Wednesdays, 3-5 pm, GWZ 3 5.15
 

For the last hundred years or so, science fiction has been a way for writers to imagine the future, but also, implicitly or explicitly, to think about the present. In this class, we'll read American genre and mainstream works from the 1930s to the 2010s, with particular attention to the ways in which science fiction uses language to create a world, and the ways in which its created worlds cast light on technology, gender, race, politics, and other human notions.

We will read H.P. Lovecraft's At the Mountains of Madness (1936), Ray Bradbury's The Martian Chronicles (1950; selections), Samuel R. Delany's Babel-17 (1966), Philip K. Dick's Ubik (1969), Octavia Butler's Kindred (1979), William Gibson's "Johnny Mnemonic" and "The Gernsback Continuum" (1981), and Jennifer Egan's "Black Box" (2012).
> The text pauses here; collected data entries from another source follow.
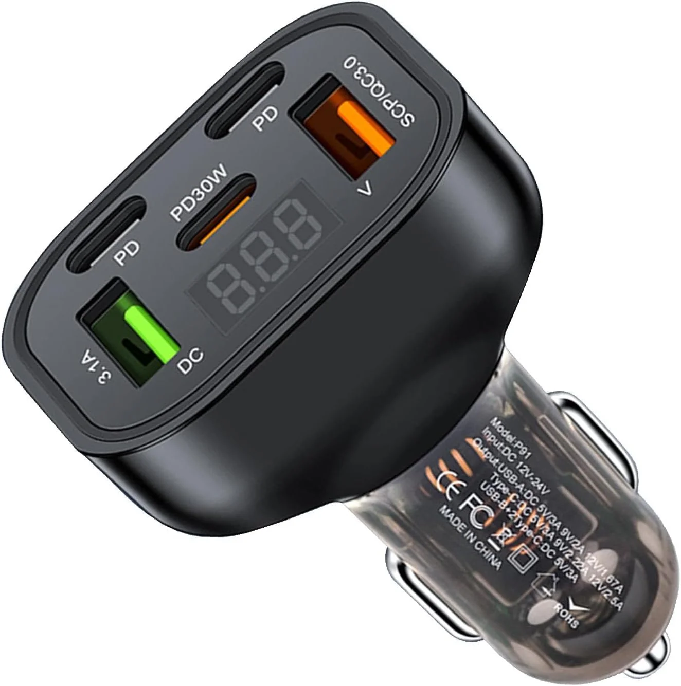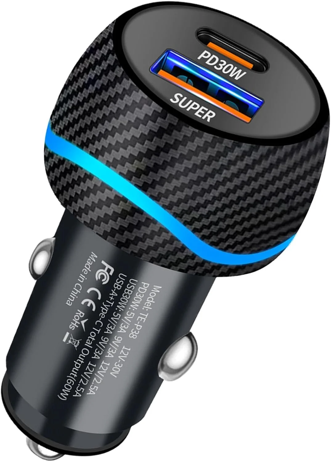 Este carregador veicular é super rápido com 60 W, assim, é uma boa solução para carregamento de diversos eletrônicos. Ao usar o protocolo de carregamento rápido QC+PD30W, este carregador reduz significativamente o tempo de carregamento, garantindo que os dispositivos atinjam a bateria totalmente rapidamente.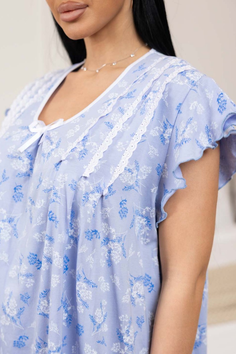 Представляем Вашему вниманию женскую сорочку для сна, длиной чуть ниже уровня колена. С округлым вырезом и коротким втачным рукавом. На передней части декоративные элементы в виде кружева и бантика.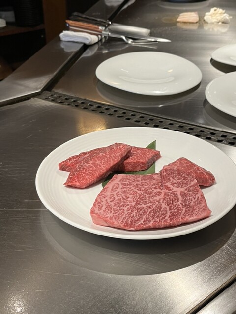 メニューには赤身となっているが適度にサシが入った柔らかな和牛で、口に入れると甘くてコクのある和牛香が抜けて行く。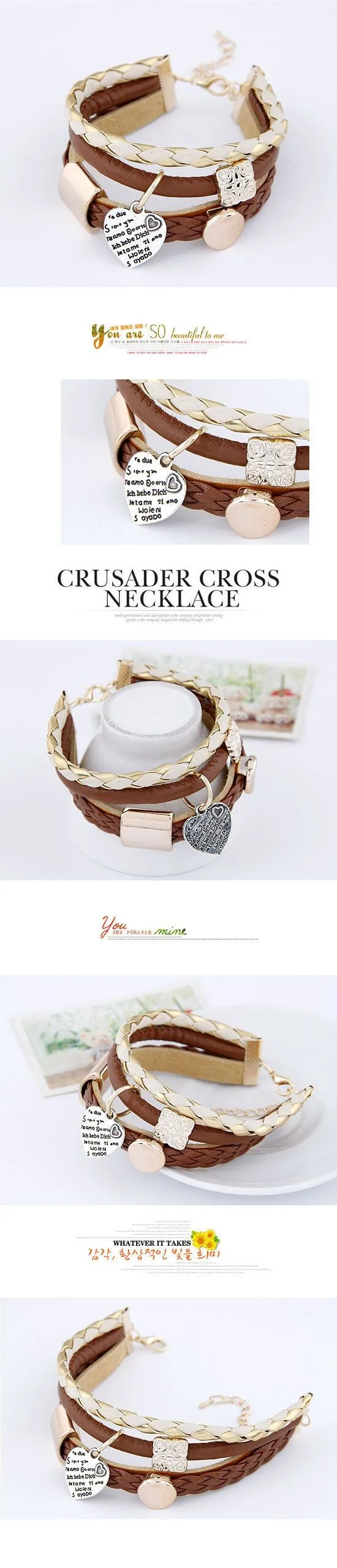 F&U New Fashion Lady Women's Stylish Jewelry Brown Leather Gold Metal Heart Bracelet

Please purchase the books by Lovecraft, Bradbury, Delany, Dick, and Butler. The stories by Gibson and Egan will be provided to you.

The books by Lovecraft, Bradbury, Delany, Dick, and Butler have been ordered at the Connewitzer Verlagsbuchhandlung and will be available at the beginning of October.
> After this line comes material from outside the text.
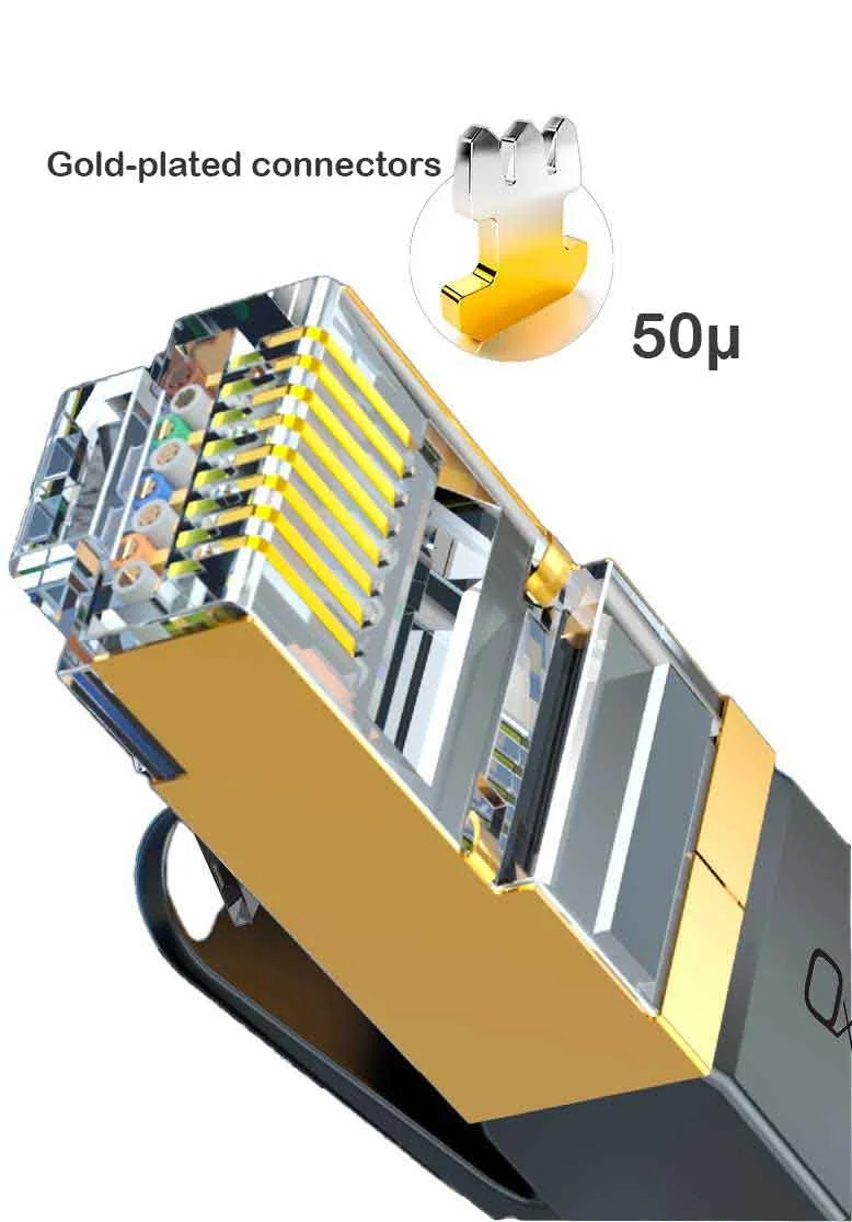 Supports up to 40Gbps data transfer speed, four times faster than Cat6a, with bandwidth up to 2000MHz to reduce latency and ensure superior signal quality.

This seminar is part of the MA module "Consumption, Culture, and Identity."

 

Approaches to the Short Story: A Fiction Workshop

Tuesday, 3-5 pm, GWZ 3 5.15
 

The short story can take many forms: minimal and maximal, realistic and fantastic, experimental and traditional. In this class, we’ll practice the techniques of short-story writing in relation to works by writers whose short stories are quite different from one another. The first part of the course will involve directed writing exercises; the second part will be a workshop in which students will complete and revise a short story. 

Readings will include stories by Ernest Hemingway, David Foster Wallace, Vladimir Nabokov, Flannery O’Connor, Raymond Carver, Mary Gaitskill, Rivka Galchen, Philip Roth, Donald Barthelme, Lydia Davis, Junot Diaz and Kelly Link.

All students are welcome, but the number of spots is limited. Please sign up via e-mail to americanstudies@uni-leipzig.de by September 30, 2016. In your e-mail, please indicate your name, your student ID number, as well as the program in which you're currently studying. You will receive an e-mail from us informing you whether you secured a spot in the workshop after September 30.